Under the law, adults in Britain can legally change the gender on their birth certificate by obtaining a GRC. To do so, a person must apply to a panel of legal and medical experts showing that they have been clinically diagnosed with gender dysphoria and have lived as the opposite sex for at least two years.

The stark increase has been attributed to the previous Conservative government’s move in 2021 to cut the application fees from £140 to £5 and move the process online.

There has also been a drastic increase in the number of young people legally applying to change their gender, with 68 per cent of certificates being given over the past year to people born since 1990.

This perhaps lends credence to the theory that transgenderism has become a social contagion, first posited in 2018 by America physician and researcher Dr.

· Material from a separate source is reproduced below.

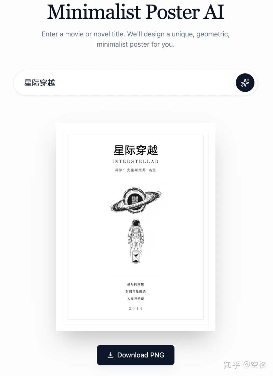 再来看一下,这个是一个电影海报的制作,比如写一个星际穿越。也是跟上一个一样,前端用了svg中间用了Gemini画图。我要求它画的是一个黑白的图,和整个的背景有一个融合的效果。

Lisa Littman, who has argued that Rapid Onset Gender Dysphoria (ROGD) could explain the “increase in gender dysphoria among adolescents, especially adolescent females.”

The practical use of gender recognition certificates has come into question in Britain in recent months following the landmark ruling from the Supreme Court, which found that “the concept of sex is binary, a person is either a woman or a man.”

The Equality and Human Rights Commission (EHRC) said in the wake of the ruling that public-facing organisations such as hospitals, restaurants, and shops should no longer allow biologically male transgender individuals to enter female-only spaces like bathrooms.

The ruling said those with GRCs could also be excluded from such spaces if “proportionate”.